### Problem description
Write each entry again exactly as shown, but without the images it holds.
[Opening Recorded information section]
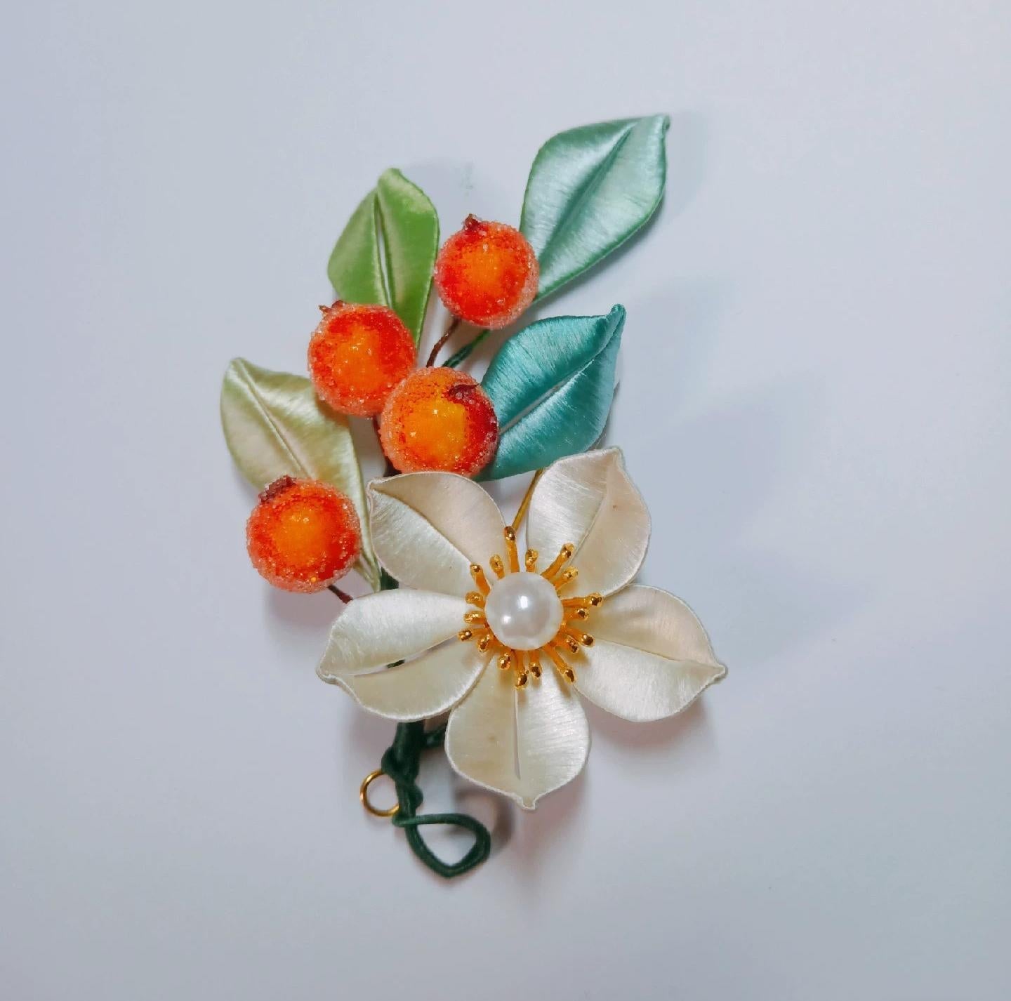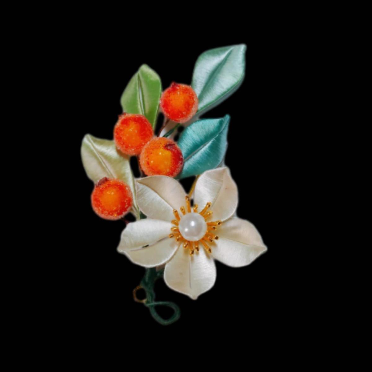Berry And Flower Handmade Brooch - Silk Brooch(Chanhua)
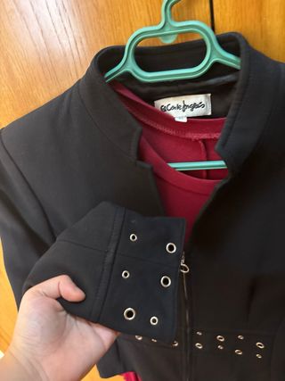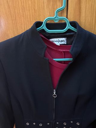 Traje de mujer. Conjunto de Chaqueta y pantalones a juego Color: gris jaspeado Talla 44 tanto Americana como pantalón Americana: cierre mediante botón. Forrado todo el interior en raso negro. No lleva bolsillos Pantalones: cierre mediante botón y cremallera. Dispone de hebilla para ponerle cinturón. No lleva bolsillos Usados solo una vez, por lo que está prácticamente nuevo -- No acepto intercambios. Envíos a través de wallapop
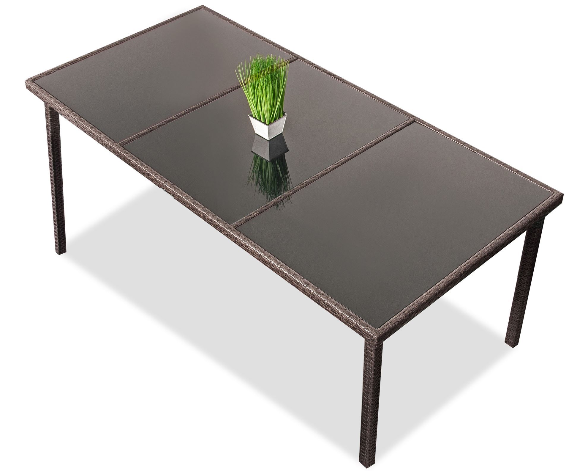 Stylowy zestaw mebli rattanowych stanie się głównym punktem w Twoim ogrodzie, na tarasie lub patio. Ten zestaw jadalniany z rattanu  ma elegancki, nowoczesny design i będzie doskonałym wyborem do posiłków na świeżym powietrzu lub relaksu w ogrodzie. Wykonany z odpornego na warunki atmosferyczne polirattanu komplet jest łatwy do czyszczenia, wytrzymały i odpowiedni do codziennego użytku. Stalowe ramy malowane proszkowo sprawiają, że stół i krzesła są mocne i wytrzymałe.  Dzięki lekkiej konstrukcji meble można łatwo przestawiać. Grube, miękkie, wypełnione gąbką poduszki na siedziska są niezwykle wygodne i wykonane z odpornego na wodę poliestru. Powłoczki mają suwaki, co pozwala na ich zdjęcie i wypranie.
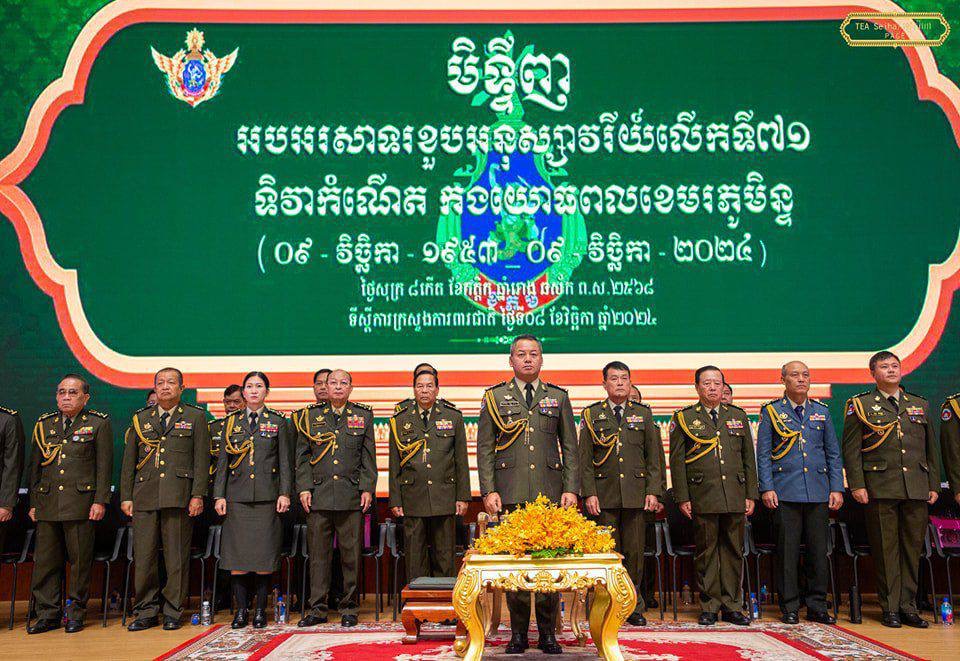 (ភ្នំពេញ)៖ ឯកឧត្ដម នាយឧត្ដមសេនីយ៍ វង្ស ពិសេន អគ្គមេបញ្ជាការ កងយោធពលខេមរភូមិន្ទ នៅថ្ងៃទី៨ ខែវិច្ឆិកា ឆ្នាំ២០២៤ បានអញ្ជើញចូលរួមជាគណៈអធិបតីក្នុងពិធីមិទ្ទីញអបអរសាទរខួបអនុស្សាវរីយ៍លើកទី៧១ ទិវាកំណើត កងយោធពលខេមរភូមិន្ទ (០៩ វិច្ឆិកា ១៩៥៣ – ០៩ វិច្ឆិកា ២០២៤) ក្រោមអធិបតីភាព ឯកឧត្តម នាយឧត្តមសេនីយ៍ ទៀ សីហា ឧបនាយករដ្ឋមន្រ្តី រដ្ឋមន្រ្តីក្រសួងការពារជាតិ៕
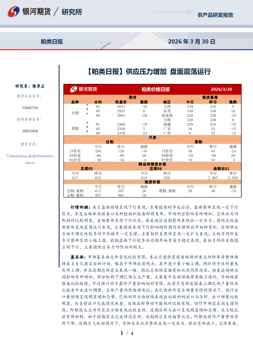 银河期货-【粕类日报】供应压力增加,盘面震荡运行-260330
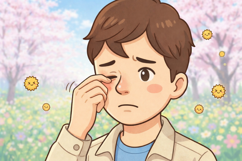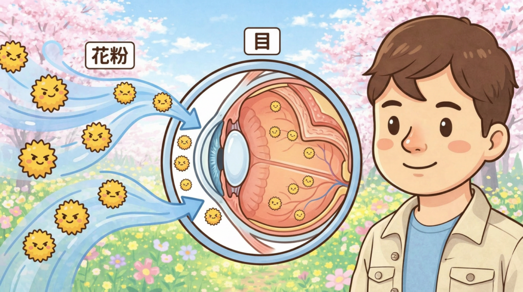 これから花粉症で目の痒みが出る仕組みを、イラストで分かりやすく解説しますね。
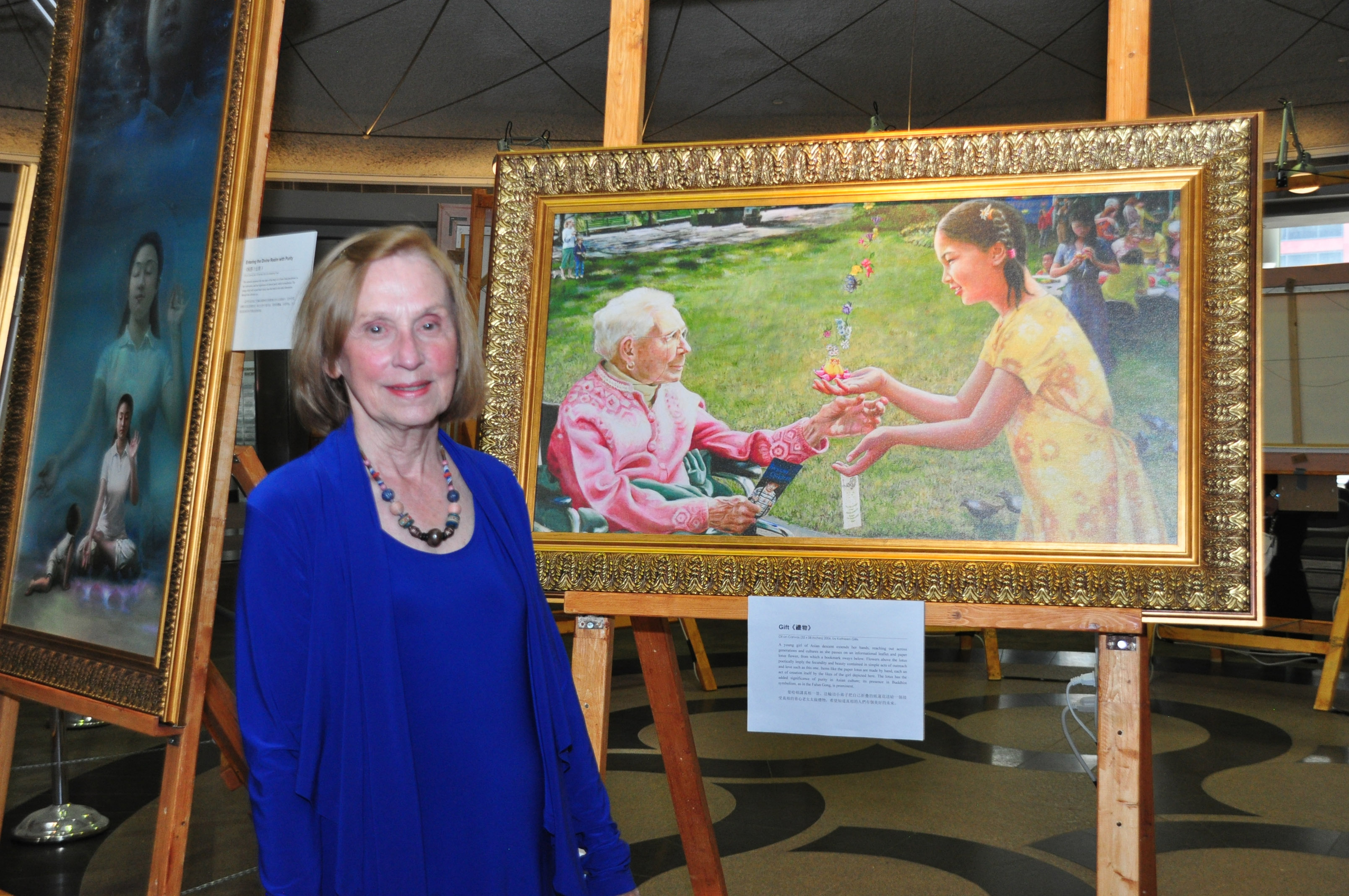 《礼物》展现的是一位年轻的法轮功学员把纸莲花送给一位年迈的长者,她的脸上充满了祥和与祝福,莲花里不断升出各种美丽的花。这是加拿大画家Kathleen Gillis的作品。她说:“我理解这是一份特殊的礼物,人们总有一天会明白这礼物的真意。”
[Closing Recorded information section]
### Exercise result
Berry And Flower Handmade Brooch - Silk Brooch(Chanhua)
 Traje de mujer. Conjunto de Chaqueta y pantalones a juego Color: gris jaspeado Talla 44 tanto Americana como pantalón Americana: cierre mediante botón. Forrado todo el interior en raso negro. No lleva bolsillos Pantalones: cierre mediante botón y cremallera. Dispone de hebilla para ponerle cinturón. No lleva bolsillos Usados solo una vez, por lo que está prácticamente nuevo -- No acepto intercambios. Envíos a través de wallapop
 Stylowy zestaw mebli rattanowych stanie się głównym punktem w Twoim ogrodzie, na tarasie lub patio. Ten zestaw jadalniany z rattanu  ma elegancki, nowoczesny design i będzie doskonałym wyborem do posiłków na świeżym powietrzu lub relaksu w ogrodzie. Wykonany z odpornego na warunki atmosferyczne polirattanu komplet jest łatwy do czyszczenia, wytrzymały i odpowiedni do codziennego użytku. Stalowe ramy malowane proszkowo sprawiają, że stół i krzesła są mocne i wytrzymałe.  Dzięki lekkiej konstrukcji meble można łatwo przestawiać. Grube, miękkie, wypełnione gąbką poduszki na siedziska są niezwykle wygodne i wykonane z odpornego na wodę poliestru. Powłoczki mają suwaki, co pozwala na ich zdjęcie i wypranie.
 (ភ្នំពេញ)៖ ឯកឧត្ដម នាយឧត្ដមសេនីយ៍ វង្ស ពិសេន អគ្គមេបញ្ជាការ កងយោធពលខេមរភូមិន្ទ នៅថ្ងៃទី៨ ខែវិច្ឆិកា ឆ្នាំ២០២៤ បានអញ្ជើញចូលរួមជាគណៈអធិបតីក្នុងពិធីមិទ្ទីញអបអរសាទរខួបអនុស្សាវរីយ៍លើកទី៧១ ទិវាកំណើត កងយោធពលខេមរភូមិន្ទ (០៩ វិច្ឆិកា ១៩៥៣ – ០៩ វិច្ឆិកា ២០២៤) ក្រោមអធិបតីភាព ឯកឧត្តម នាយឧត្តមសេនីយ៍ ទៀ សីហា ឧបនាយករដ្ឋមន្រ្តី រដ្ឋមន្រ្តីក្រសួងការពារជាតិ៕
 银河期货-【粕类日报】供应压力增加,盘面震荡运行-260330
 これから花粉症で目の痒みが出る仕組みを、イラストで分かりやすく解説しますね。
 《礼物》展现的是一位年轻的法轮功学员把纸莲花送给一位年迈的长者,她的脸上充满了祥和与祝福,莲花里不断升出各种美丽的花。这是加拿大画家Kathleen Gillis的作品。她说:“我理解这是一份特殊的礼物,人们总有一天会明白这礼物的真意。”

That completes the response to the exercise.